Asked whether the candidates support Burien continuing to be a sanctuary city, all said they do while both Moore and Garcia said that particular immigration issue inspired them to become more active in city affairs.
“If we were not welcome here,” Garcia said, “my brother who is a teacher at Hazel Valley wouldn’t be here, my other brother who is a director on the Highline School Board would not be here, and I, as an economic development manager serving small businesses one on one, would not be here.”
Marx said Burien should be advocating for neighboring cities to adopt welcoming-city resolutions, saying “we are doing a disservice to our community if we only focus on where our borders are without advocating for other cities to step up, as well.” White said it’s important that everyone feels they can “report crime without becoming the crime.”
Schaefer echoed that, saying many people have expressed discomfort or apprehension in calling police, leading him to propose a public safety advisory committee made up of people with differing experiences with police to recommend ways to improve policing.
With 11 million undocumented workers in the U.S., Matta said it’s beyond time for Congress to “fix this broken immigration system.” Matta defended the city’s resolution, saying no one should be afraid to call the police.
“This does not say we are not going to go after violent criminals,” Matta said, “this says that the woman or child who is being abused or neglected can pick up the phone and know that they’re not going to have to deal with Immigration.”
Role in regional homelessness crisis
Asked what the candidates believe Burien’s role is in addressing the regional homelessness crisis, Reyes said the city has a duty to help people experiencing homelessness, to have compassion, to find out what their individual needs are and to build housing they can afford.
Building housing elsewhere for those experiencing homelessness makes it harder for those who need that housing to accept it and can disconnect them from their communities when they do, Moore said.
“I think solutions need to be local but they need to be coordinated regionally because this is as a regional problem,” Moore said.

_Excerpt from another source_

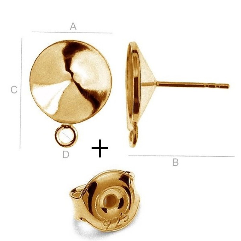 0.4um 24K Zelta auskaru sagatave ar cilpu 12mm SWAROVSKI 1122 rivoli, sudrabs AG-925 (x2)
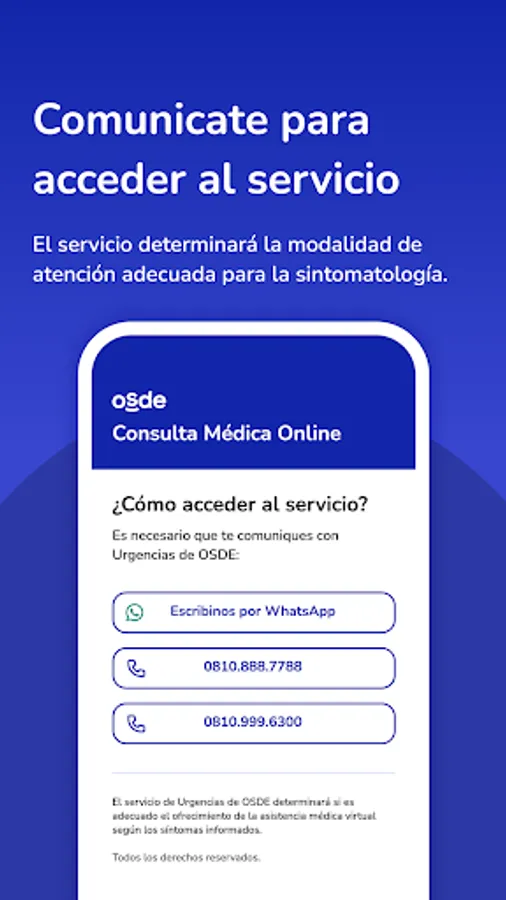 OSDE CMO is an application that allows OSDE to offer its members virtual medical assistance through any mobile device for those cases that are relevant. This service channel will only be provided to those who have previously communicated with the Emergency service at 0810-888-7788 / 0810-999-6300, by WhatsApp at +5491148729100 or through OSDE Móvil.

Homelessness is driven by a lack of housing, Garcia said, and all cities in the Puget Sound region, not just Seattle or Burien, need to work aggressively to create more housing.
With the Downtown Emergency Service Center’s (DESC) permanent supportive housing project and the city’s plan to establish a crisis response team, Burien is establishing itself as a leader in the region by taking action locally, Matta said.
Schaefer said he finds odd a concern of some Burien residents that people will come to Burien’s DESC housing facility to receive services “given how many people from Burien we have sent other places because that’s where the services can be provided.
“If you’re in Burien, you’re one of ours,” Schaefer said, “and I want us to take care of you.”
White said he’s not opposed to the DESC, just its proposed location, which he suggested will not have room for mental health services.
“A lot of the safety issues that we’re having is not dealing with someone who may be taking some drugs or alcohol,” White said, “but people who are serious mental health screaming at you and there’s no way you can talk to them.”
Marx, who said she experienced homelessness firsthand as an 8-year-old, pointed out that the DESC’s project will have mental health services, as well as substance use services, job services and education services. Marx also said Burien must work regionally because it has been going it alone for too long – since 1993, she said, when the city was founded partly on the premise of not accepting more affordable housing from King County.
“Where that has gotten us is where we are now,” Marx said, “where people are balking at the idea of bringing in permanent supportive housing because we don’t want people from outside of Burien here.”